Reading huge files with Python ( personally in 2019 I count files greater than 100 GB ) for me it is a challenging task when you need to read it without enough resources. Pandas and Python are able do read fast and reliably files if you have enough memory. Otherwise you can do some tricks in order to read and analyze such information.
Python Huge .jl - line separated JSON files
Let say that you have huge JSON lines file(Line separated JSON files are supported in pandas method read_json since 0.19.0) - extension .jl:
pd.read_json(huge_json_file, lines=True)
This command will read the .jl file line by line optimized for resources and performance. If the above command is not working then you can try the next:
1. Split JSON file into smaller chunks
For really huge files or when the previous command is not working well then files can split into smaller ones . First step will be to find how many lines your JSON separate file contains by this Linux command:
wc -l huge_json_file.jl
result:
1245587 huge_json_file.jl
The same can be done with pure Python code:
count_lines = sum(1 for line in open(huge_json_file))
count_lines
As you can see for this given file the number of the lines is not big. So most probably there is a field which contains huge amount of data(Because for this file there are 1M lines but 30 GB size).
Now knowing the number of lines we can split the file into smaller chunks by:
split -l 350000 huge_json_file.jl
result:
xaa, xab, xac, xad
You can use different syntax for the same command in order to get user friendly names like(or split by size):
split --bytes 200G --numeric-suffixes --suffix-length=2 mydata mydata.
result:
mydata.00, mydata.01
2. Load files to pandas and analyze them
This command will generate several smaller files which can be read efficiently and loaded in pandas with:
import pandas as pd
import json
with open('/home/user/mydata/xaa') as f:
df = pd.DataFrame(json.loads(line) for line in f)

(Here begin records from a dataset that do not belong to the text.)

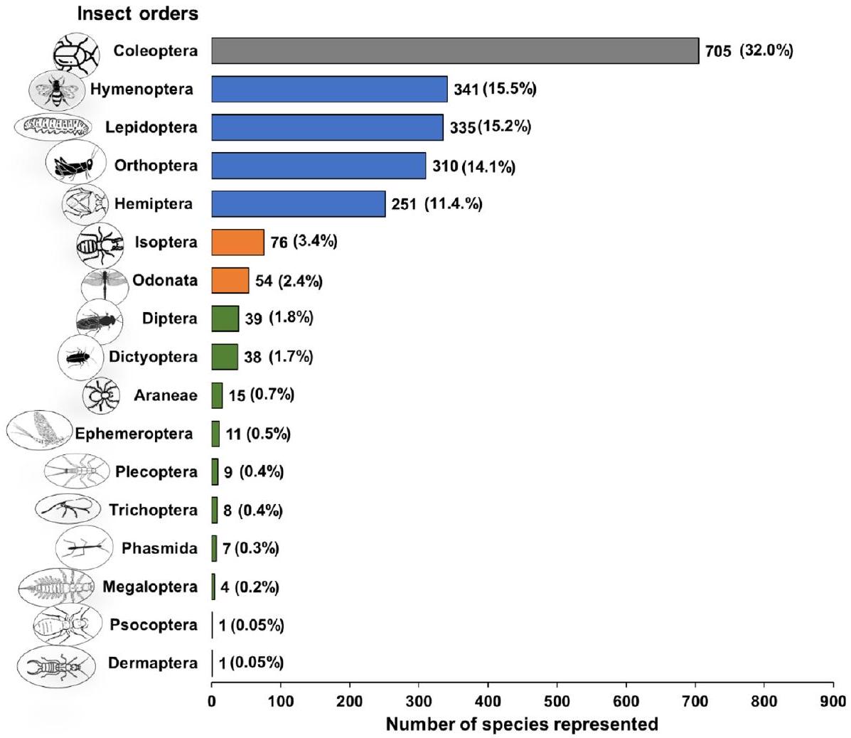 لقد حدد تحقيقنا الشامل 2205 نوعًا من الحشرات، من 25 رتبة متميزة، تم التأكيد على أنها صالحة للأكل (الشكل 1). تختلف هذه الرتب في هيمنتها العالمية بين أنواع الحشرات الصالحة للأكل. تشكل رتبة الخنافس (Coleoptera) الرتبة الأكثر انتشارًا، حيث تشكل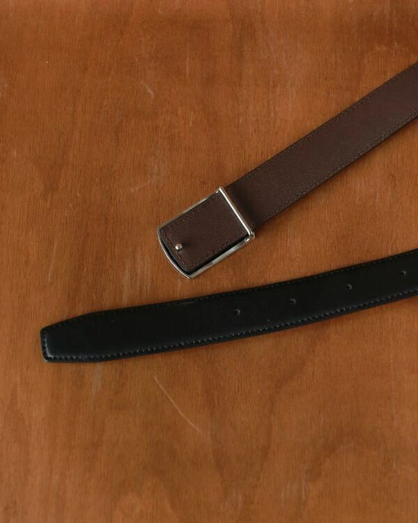 取り外し可能なフロントバックルで、リバーシブルに使用できる2WAYベルト。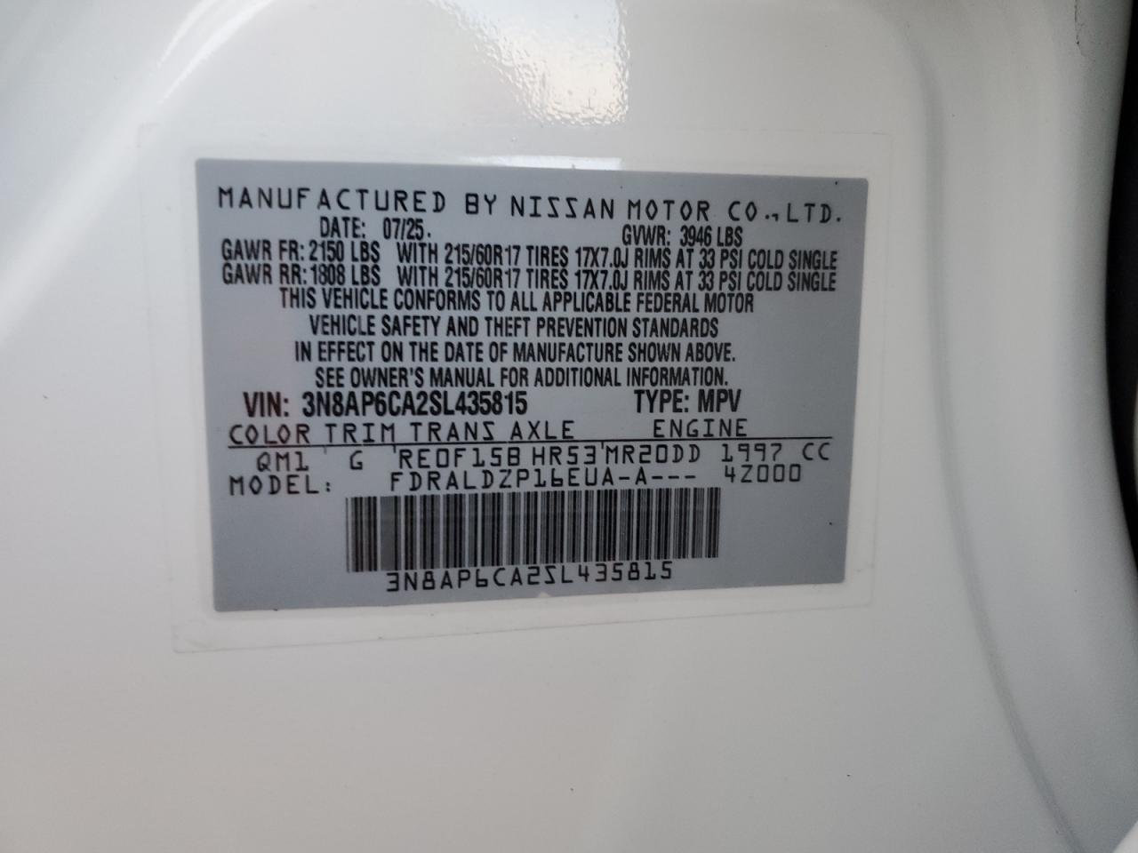2025 NISSAN KICKS - 3N8AP6CA2SL435815, колір - Білий, 2.0, Бензин, із США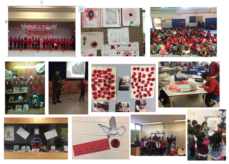 Pour rendre hommage aux soldats canadiens morts aux combats, les élèves ont participé à diverses activités telles que la confection de coquelicots, la lecture de poèmes, ou encore le visionnement de documentaires portant sur la Première Guerre mondiale. Nos élèves ont aussi appris, à l’aide de présentations interactives, l’importance de la participation des autochtones à l’effort de guerre.

Once you read one of them you can analyze what columns do you have and which is the biggest culprit for the data size.
You can do optimization for your DataFrame: How to Optimize and Speed Up Pandas
In my case I have a column which has raw logs information which is not needed for my analyses. So I'll drop this column and write the DataFrame as a pickle:
df = df.drop('raw_log', axis=1)
df.to_pickle("/home/user/mydata/xaa.pkl")
With the last operation the DataFrame and file size dropped drastically from 30 GB to 15 MB.
3. Concatenate JSON files into single one
Now we can complete the operation for the rest of the files and finally we can concatenate them into a single DataFrame with:
import pandas as pd
xaa = pd.read_pickle("/home/user/Downloads/xaa.pkl")
xab = pd.read_pickle("/home/user/Downloads/xab.pkl")
xac = pd.read_pickle("/home/user/Downloads/xac.pkl")
xad = pd.read_pickle("/home/user/Downloads/xad.pkl")
df_all = pd.concat([xaa, xab, xac, xad])
Now we have the JSON file loaded into df_all containing all records (without the log information which is not needed). These steps make possible to read 30 GB files with Python, analyze and clean it from data which is not necessary for our work.
P.S. Another really efficient way to work with huge JSON files on Linux is by using command-line JSON processor JQ. I'll prepare article for it and add it here.